From: "Darrick J. Wong" <djwong@kernel.org>
To: Dave Chinner <david@fromorbit.com>
Cc: chandan.babu@gmail.com, linux-xfs@vger.kernel.org
Subject: Re: [PATCH 2/3] xfs: reload entire unlinked bucket lists
Date: Thu, 7 Sep 2023 11:30:12 -0700 [thread overview]
Message-ID: <20230907183012.GM28202@frogsfrogsfrogs> (raw)
In-Reply-To: <ZPl1dFZFlNtWIMpD@dread.disaster.area>
On Thu, Sep 07, 2023 at 05:02:12PM +1000, Dave Chinner wrote:
> On Sun, Sep 03, 2023 at 09:15:59AM -0700, Darrick J. Wong wrote:
> > From: Darrick J. Wong <djwong@kernel.org>
> >
> > The previous patch to reload unrecovered unlinked inodes when adding a
> > newly created inode to the unlinked list is missing a key piece of
> > functionality. It doesn't handle the case that someone calls xfs_iget
> > on an inode that is not the last item in the incore list. For example,
> > if at mount time the ondisk iunlink bucket looks like this:
> >
> > AGI -> 7 -> 22 -> 3 -> NULL
> >
> > None of these three inodes are cached in memory. Now let's say that
> > someone tries to open inode 3 by handle. We need to walk the list to
> > make sure that inodes 7 and 22 get loaded cold, and that the
> > i_prev_unlinked of inode 3 gets set to 22.
> >
> > Signed-off-by: Darrick J. Wong <djwong@kernel.org>
> > ---
> > fs/xfs/xfs_export.c | 6 +++
> > fs/xfs/xfs_inode.c | 100 +++++++++++++++++++++++++++++++++++++++++++++++++++
> > fs/xfs/xfs_inode.h | 9 +++++
> > fs/xfs/xfs_itable.c | 9 +++++
> > fs/xfs/xfs_trace.h | 20 ++++++++++
> > 5 files changed, 144 insertions(+)
> >
> >
> > diff --git a/fs/xfs/xfs_export.c b/fs/xfs/xfs_export.c
> > index 1064c2342876..f71ea786a6d2 100644
> > --- a/fs/xfs/xfs_export.c
> > +++ b/fs/xfs/xfs_export.c
> > @@ -146,6 +146,12 @@ xfs_nfs_get_inode(
> > return ERR_PTR(error);
> > }
> >
> > + error = xfs_inode_reload_unlinked(ip);
> > + if (error) {
> > + xfs_irele(ip);
> > + return ERR_PTR(error);
> > + }
>
> We don't want to be creating an empty transaction, locking the inode
> and then cancelling the transaction having done nothing on every
> NFS handle we have to resolve. We only want to do this if the link
> count is zero and i_prev_unlinked == 0, at which point we can then
> take the slow path (i.e call xfs_inode_reload_unlinked()) to reload
> the unlinked list. Something like:
Hmm. Using an unlocked check here makes me nervous, since we could be
racing with another thread that is unlinking the inode. OTOH, this code
doesn't start *changing* any incore state until it's taken ILOCK_SHARED
and locked the AGI buffer to stabilize @ip's unlinked list.

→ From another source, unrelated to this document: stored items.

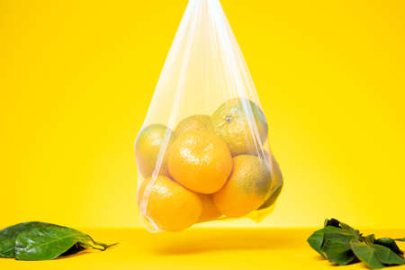 Plastic free lifestyle concept. Fresh ripe tangerines in reusable eco friendly mesh bag hanging on yellow background. Zero waste shopping concept.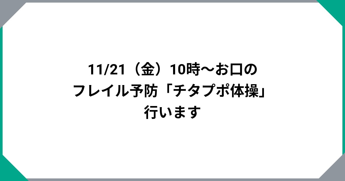 11/21(金)10時~お口のフレイル予防「チタプポ体操」行います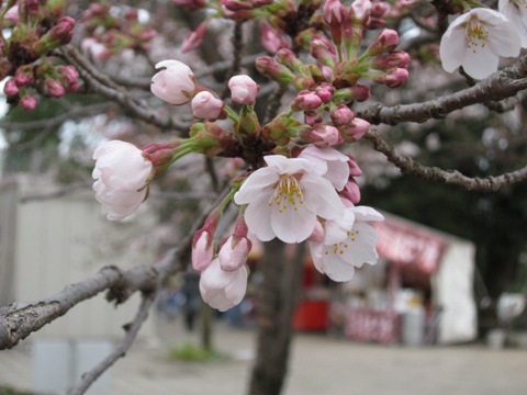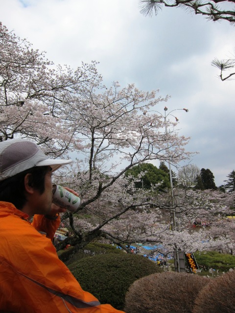 お好み焼きや牛串…、手に持ちきれないほど買い込んで昼からグビグビ開始!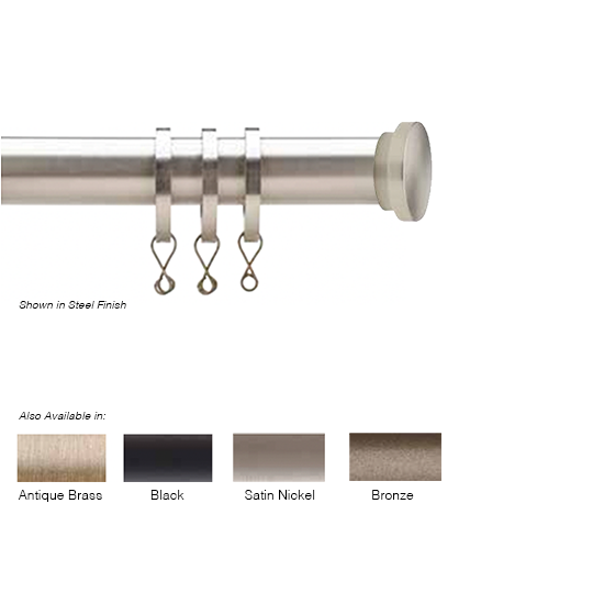 Newport Custom Cut Curtain Rod with Tapa Finial Available in 5 finishes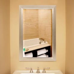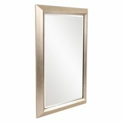 The Elizabeth Austin Avery Wall Mirror – 28W x 42H in. highlights your hallway beautifully. This wall mirror showcases a champagne silver leaf finish with brushed texture. It can be hung vertically or horizontally.
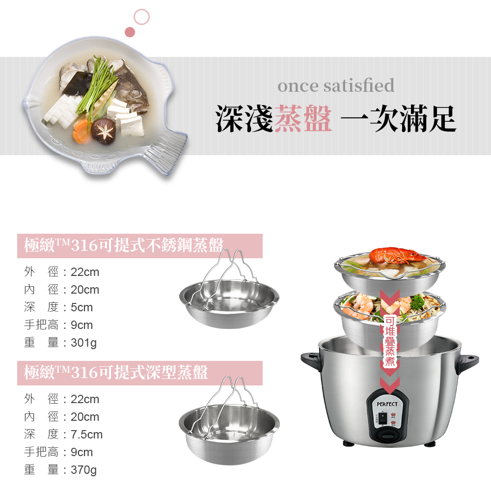 PERFECT 理想 極緻316可提式不銹鋼蒸盤22cm 【KH_85122_1】臺灣製造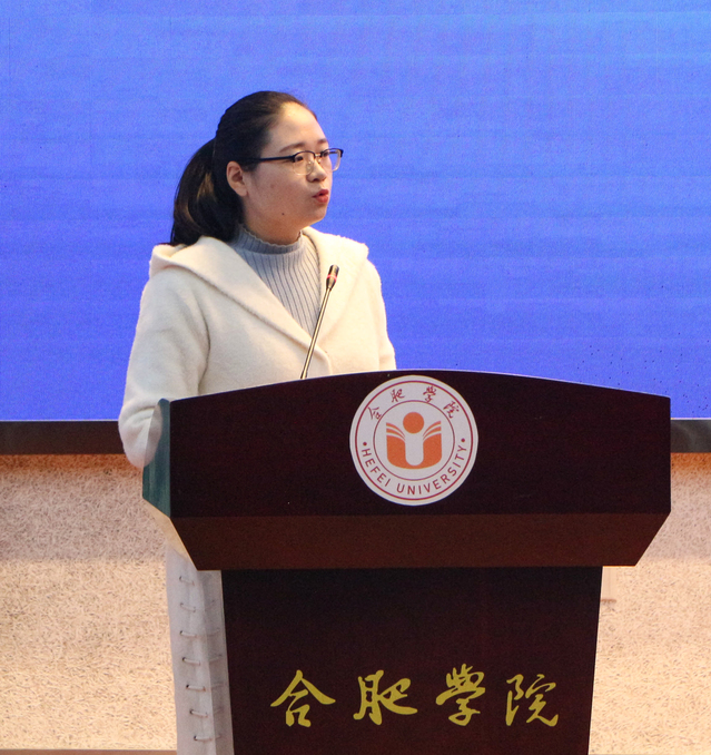 高大明宣讀了合肥學院第九屆“挑戰杯”大學生課外學術科技作品競賽表彰文件。與會領導為優秀組織獎獲獎單位、優秀指導老師代表、優秀團隊代表頒發了獎牌和證書。優秀指導老師劉婧和學生代表周子健發言,他們分別以“同心協力、不怕困難、精益求精”和“好的選題是成功的一半”為關鍵詞,分享了參加“挑戰杯”比賽的所想、所感和所獲。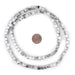These tribal aluminum beads are made in a design traditional to the Mursi people. The Mursi are a pastoralist tribe who live in various parts of Ethiopia, and are known for their unique and pronounced jewelry designs. Aluminum is a common choice for jewelry designers because it is lighter in weight and known to resist rust, while still resembling genuine silver. Each bead measures approximately 6 x 6mm with a hole size of approximately 2mm. You will receive a full strand measuring 24" long. Incorporate these beads into your next design!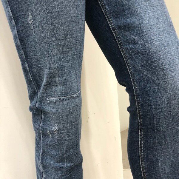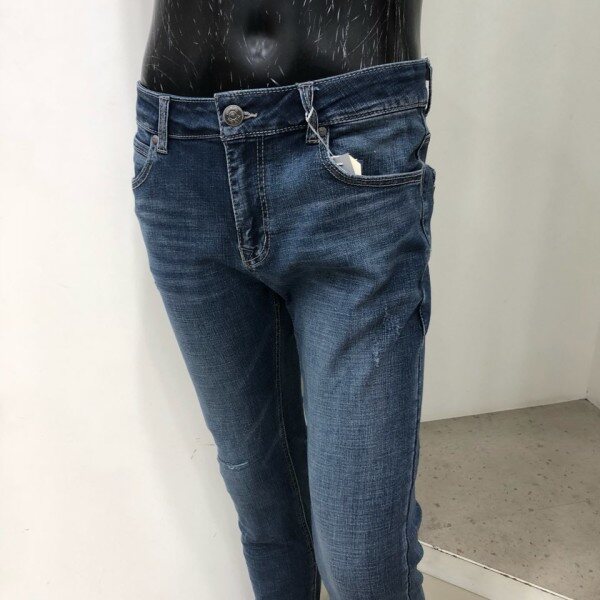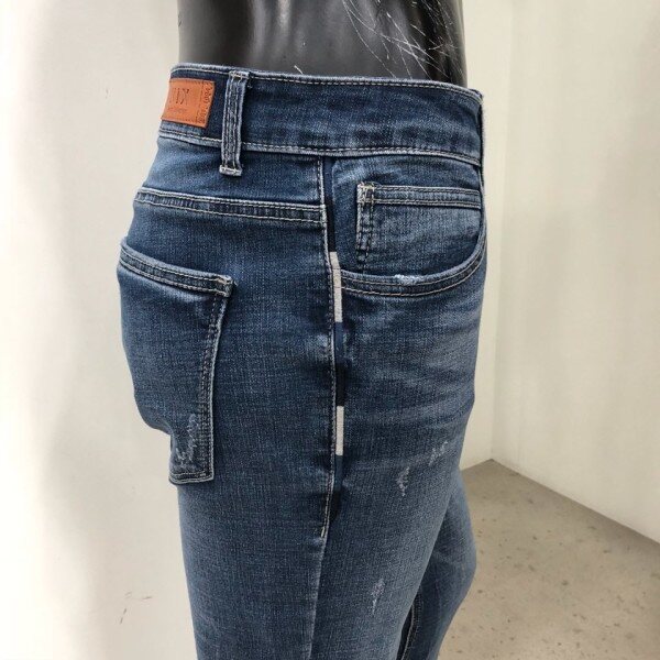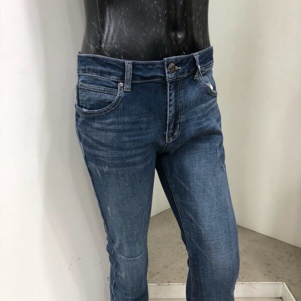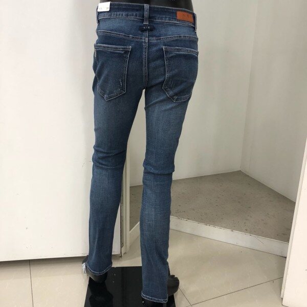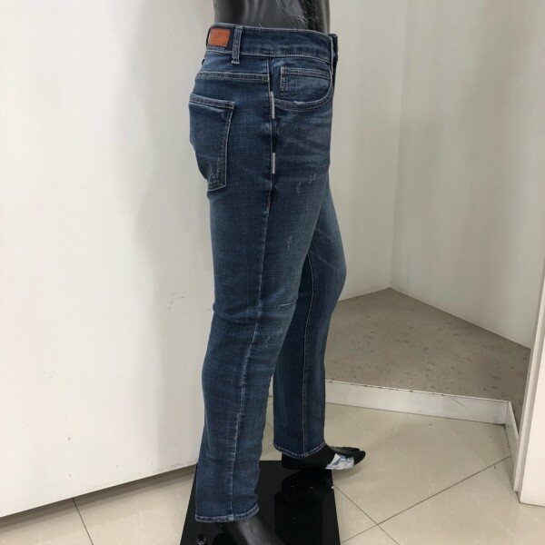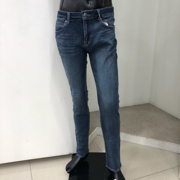 힙과 허벅지는 약간 여유가 있으면서 무릎에서 밑단까지는 슬림하고 스트레이트하게 떨어지는 베이직한 핏입니다. 타이트한 스키니 핏을 부담스러워 하는 고객님께 권장해드립니다.경슬럽 스판데님 소재로 약간 그레이시하면서 고급스러운 느낌의 미디움인디고 컬러에 앞포켓 옆의 테이핑형태 자수를 가미한 포인트 데님팬츠 입니다.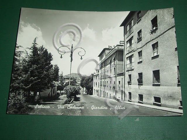 Cartolina Subiaco - Via Cadorna - Giardini pubblici '56. | Cartoline |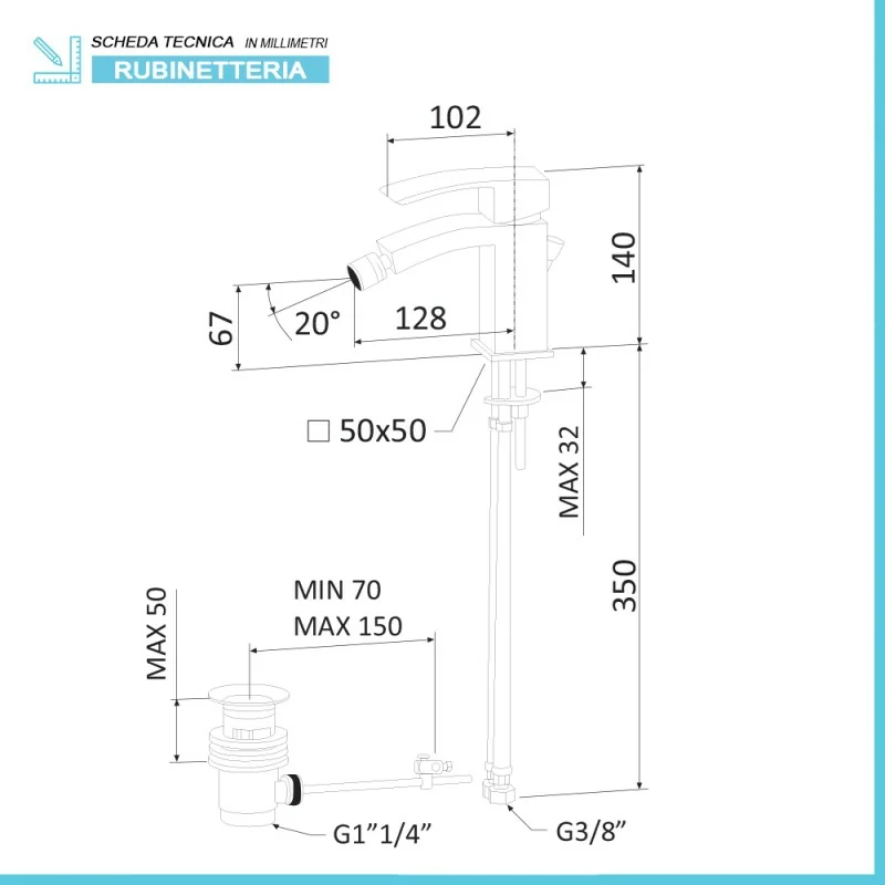 • Dimensioni miscelatore bidet: H 14 x P 12,8 cm;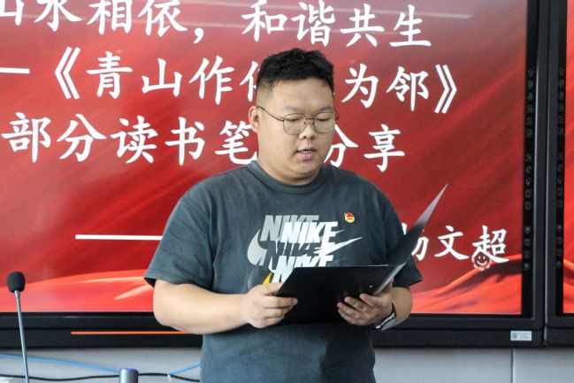 生活权益部的杨文超从书本与自身部门工作的联系出发,谈到:他深感国家对于生态文明建设的重视和投入,我们作为中南大学子和新时代青年,我们要从自己做起,从小事做起,让绿色成为我们生活的底色。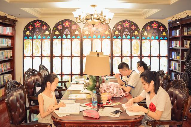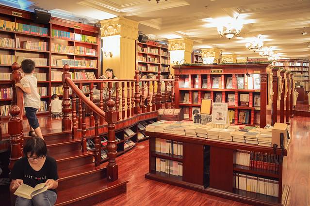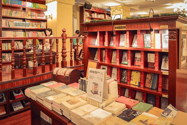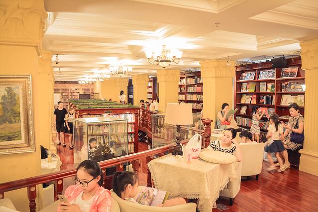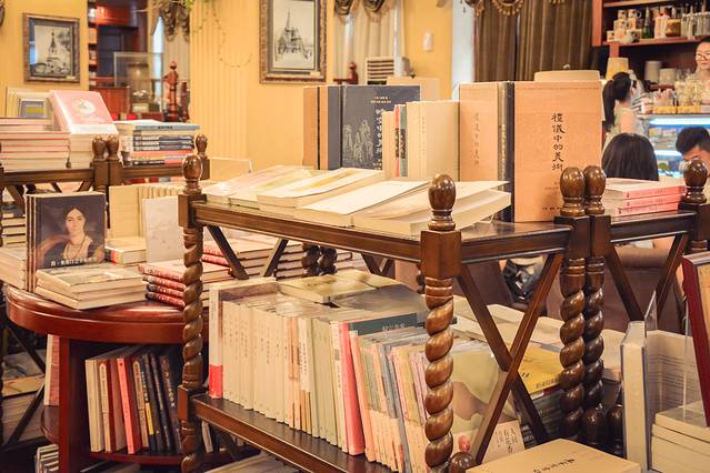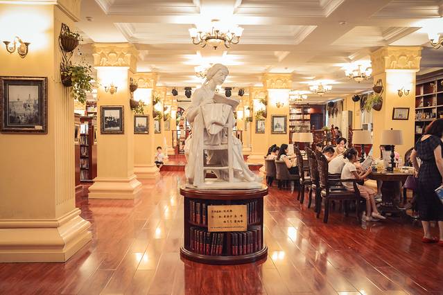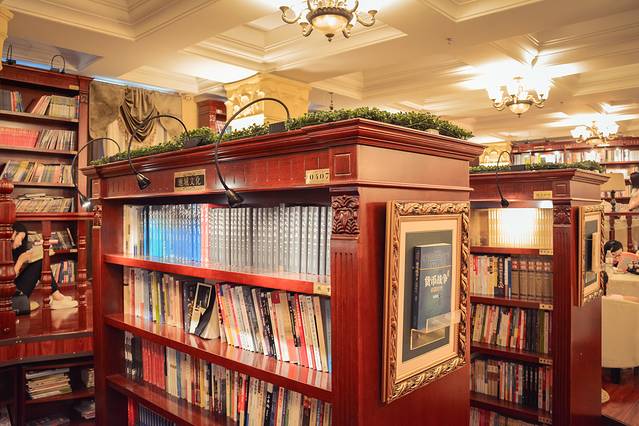 三楼是会员读书区,人少且清净,进去参观了一下,书籍的数量要比二楼多很多。中间的大堂有很多的坐席,据店员讲解说可以提供餐饮和特色的婚礼服务。逛了一圈之后选了几本图书,在纪念品商店买了几张明信片寄回去留作纪念。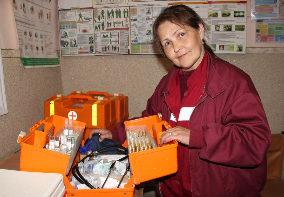 Фельдшер Людмила Бондарец перед выездом на вызов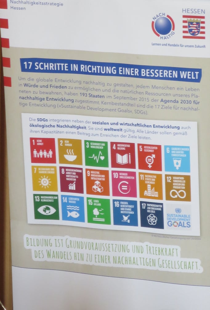 Staatssekretärin Dr. Beatrix Tappeser aus dem Umweltministerium und Staatssekretär Dr. Manuel Lösel aus dem Kultusministerium als offizielle Vertreter des Projektes „Umweltschule – Lernen und Handeln für unsere Zukunft“, sowie der Oberbürgermeister der Stadt Frankfurt, Peter Feldmann, verliehen unserer Schule sowie 100 weiteren engagierten Schulen am 26.Oktober 2017 in einer feierlichen und groß angelegten Veranstaltung den Umweltschul-Preis in Form einer Urkunde und einem ansprechenden Schild, das schon den Platz in unserem Foyer gefunden hat.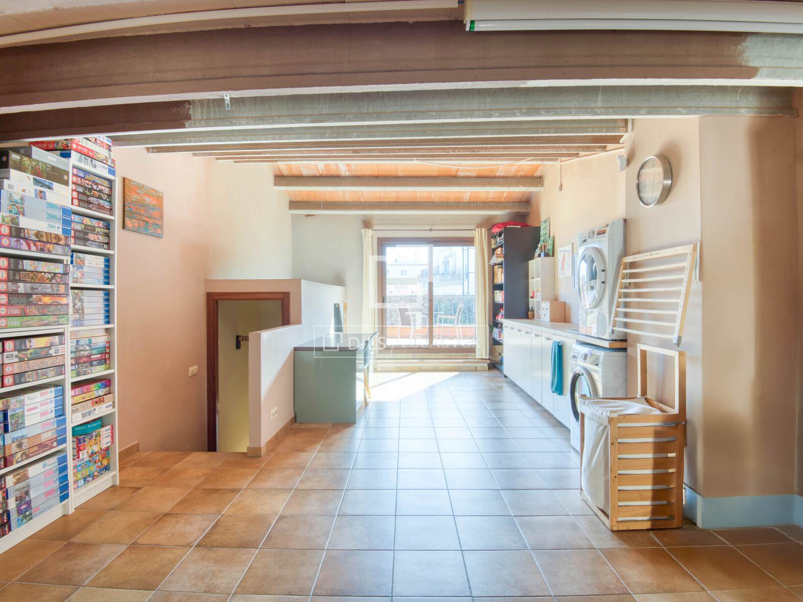 On the second floor there is an open-plan room that currently houses the machinery of the aerothermics system —which guarantees energy efficiency and comfort throughout the property and which leads to a private terrace, ideal as a multipurpose space, whether for rest, outdoor activities or even to develop a leisure space with views of the urban environment.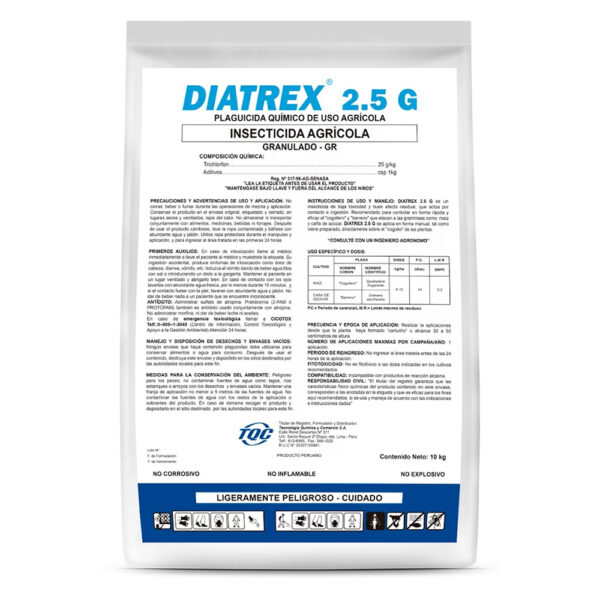 Insecticida de efecto residual prolongado que actúa por contacto, ingestión e inhalación. Controla insectos del suelo y foliares que afectan a cultivos: Alfalfa, Cebolla, Maíz, Arroz, Piña, Vid, Pimiento, Espárrago y Arándano.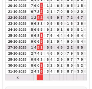 | Rumus Angka Mati berdasarkan kepala harian | 07 08 09 10 18 19 20 21 29 31 32 40 42 43 49 50 51 53 60 61 62 63 64 65 71 72 73 74 75 76 82 83 84 85 87 93 95 96 98 |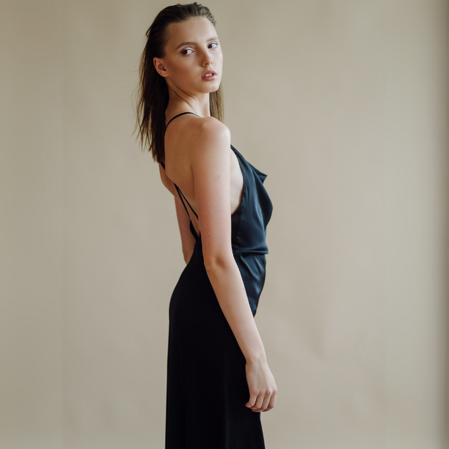 Avec sa coupe ajustée et son tissu fluide légèrement brillant, cette robe apporte une allure sophistiquée. Le décolleté profond et le dos nu en font une pièce incontournable pour vos évènements chics. À porter avec des talons pour un effet spectaculaire.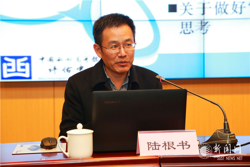 陆根书教授在报告中,从审核评估的由来与重要意义、审核评估的内涵与特点和关于做好审核评估的几点思考等三个方面,深入解读了学校做好迎评促建工作。他介绍了本科教学工作审核评估的目标、重要内容与基本形式、重要意义,剖析了审核评估与在全国高校开展的第一轮本科教学工作水平评估相比呈现的重要调整和特点,以及陕西省审核评估工作及其特色,并就如何界定高校办学定位于人才培养目标定位、如何认识教学质量标准、如何理解审核评估方案中的“特色项目”、学校自评如何体现“五个度”等问题,谈了自己的认识和体会。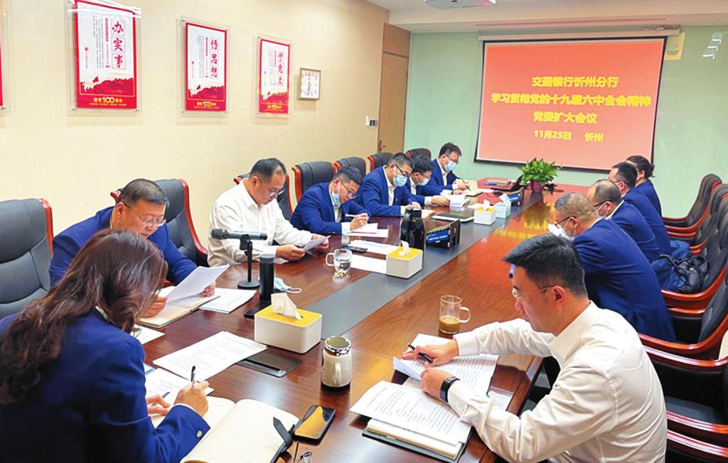 11月25日,交通銀行忻州分行召開黨委擴大會議,傳達學(xué)習(xí)貫徹黨的十九屆六中全會精神,全會精神在交行忻州分行引起熱烈反響,廣大干部員工迅速掀起學(xué)習(xí)貫徹全會精神熱潮。

So. I think it's ok to do the unlocked check here like you propose:
> if (xfs_inode_unlinked_incomplete(ip)) {
> error = xfs_inode_reload_unlinked(ip);
> if (error) {
> xfs_irele(ip);
> return ERR_PTR(error);
> }
> }
Though I want to add one more xfs_inode_unlinked_incomplete call inside
xfs_inode_reload_unlinked_bucket to skip the list walk if we take the
locks only to find that someone else fixed it up for us.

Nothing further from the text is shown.